[DATA FOR THIS TASK Boundary: Start]

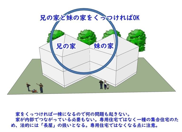 「違法・一つの敷地に2棟以上建てられない場合。」
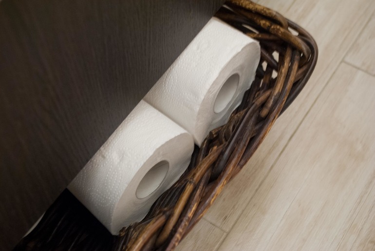 Туалетная бумага в корзинке под тумбой:
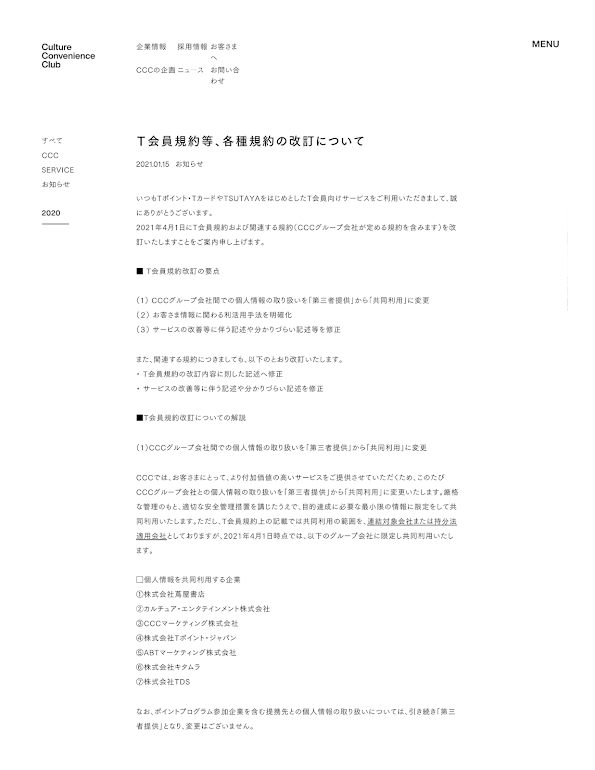 T会員規約等、各種規約の改訂について|ニュース|CCC カルチュア・コンビニエンス・クラブ株式会社 (CCCグループ会社間での個人情報の取り扱いを「第三者提供」から「共同利用」に変更等)
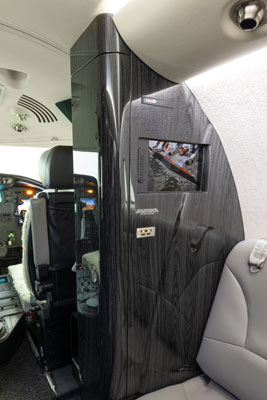 Chris Nelson and his team used hydrographic finish methods on the lavatory cabinet, vanity, aft dividers, pocket doors, drink rails, tables, left-hand forward galley, and right-hand forward entertainment cabinet with a design that was similar to a flat-cut walnut veneer with a grey background.
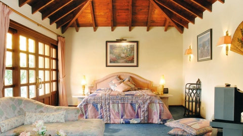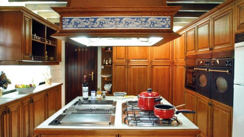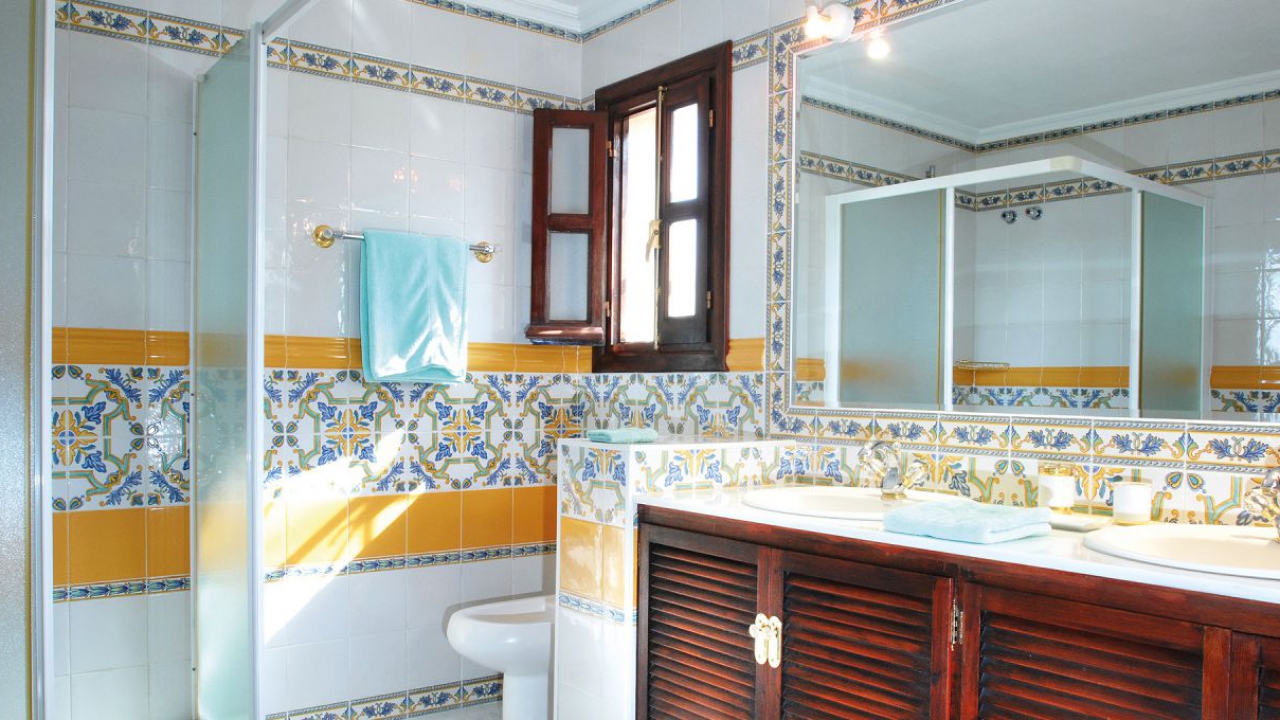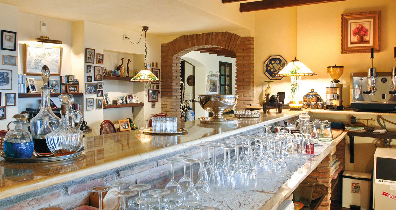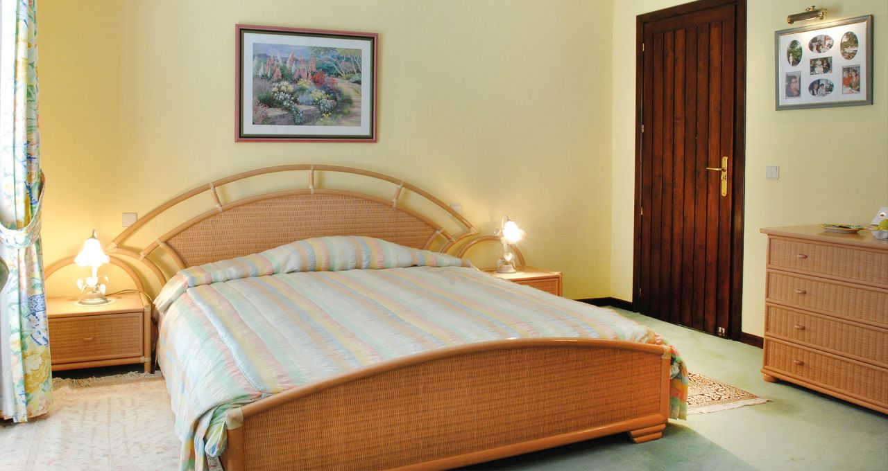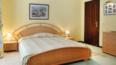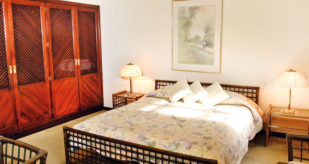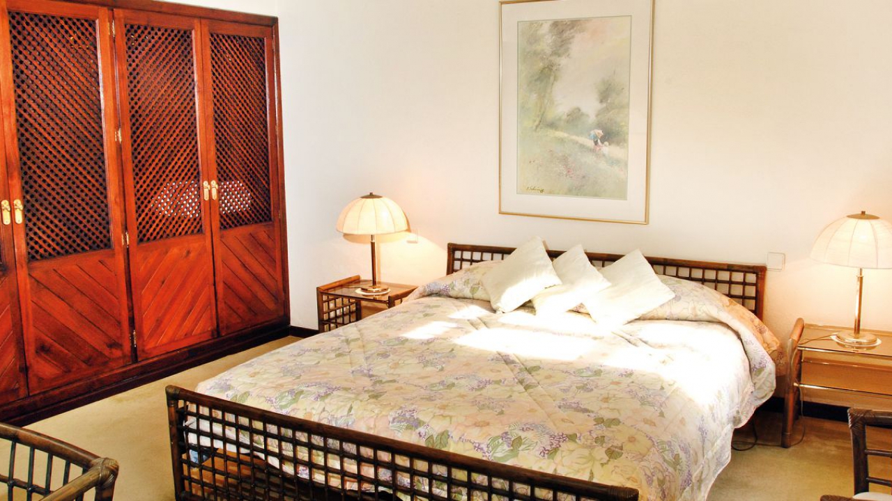 Linker Hand vom Wohnbereich befindet sich ein separater Essbereich für spezielle Anlässe sowie der Zugang zu den beiden Schlafzimmern der unteren Ebene mit ihren en-suite Bädern. Rechter Hand schließt sich weiterer Aufenthaltsbereich mit einer Bar und Gesellschaftszimmer und einem weiteren Kamin an. In allen Räumen sorgen die breiten Terrassentüren den ganzen Tag für eine natürliche Helligkeit und ermöglichen jederzeit den direkten Zugang zur Terrasse. Auf der unteren Ebene befindet sich auch die komplett ausgestattete großzügige Küche mit separatem Zugang sowie Waschküche und Abstellraum.

[DATA FOR THIS TASK Boundary: End]

→ **TRY IT**:
Only the lines from the top of the data through the line with "Chris Nelson and" should be quoted, exactly and with both ends kept; skip the pictures.

→ **YOUR RESPONSE**:
 「違法・一つの敷地に2棟以上建てられない場合。」
 Туалетная бумага в корзинке под тумбой:
 T会員規約等、各種規約の改訂について|ニュース|CCC カルチュア・コンビニエンス・クラブ株式会社 (CCCグループ会社間での個人情報の取り扱いを「第三者提供」から「共同利用」に変更等)
 Chris Nelson and his team used hydrographic finish methods on the lavatory cabinet, vanity, aft dividers, pocket doors, drink rails, tables, left-hand forward galley, and right-hand forward entertainment cabinet with a design that was similar to a flat-cut walnut veneer with a grey background.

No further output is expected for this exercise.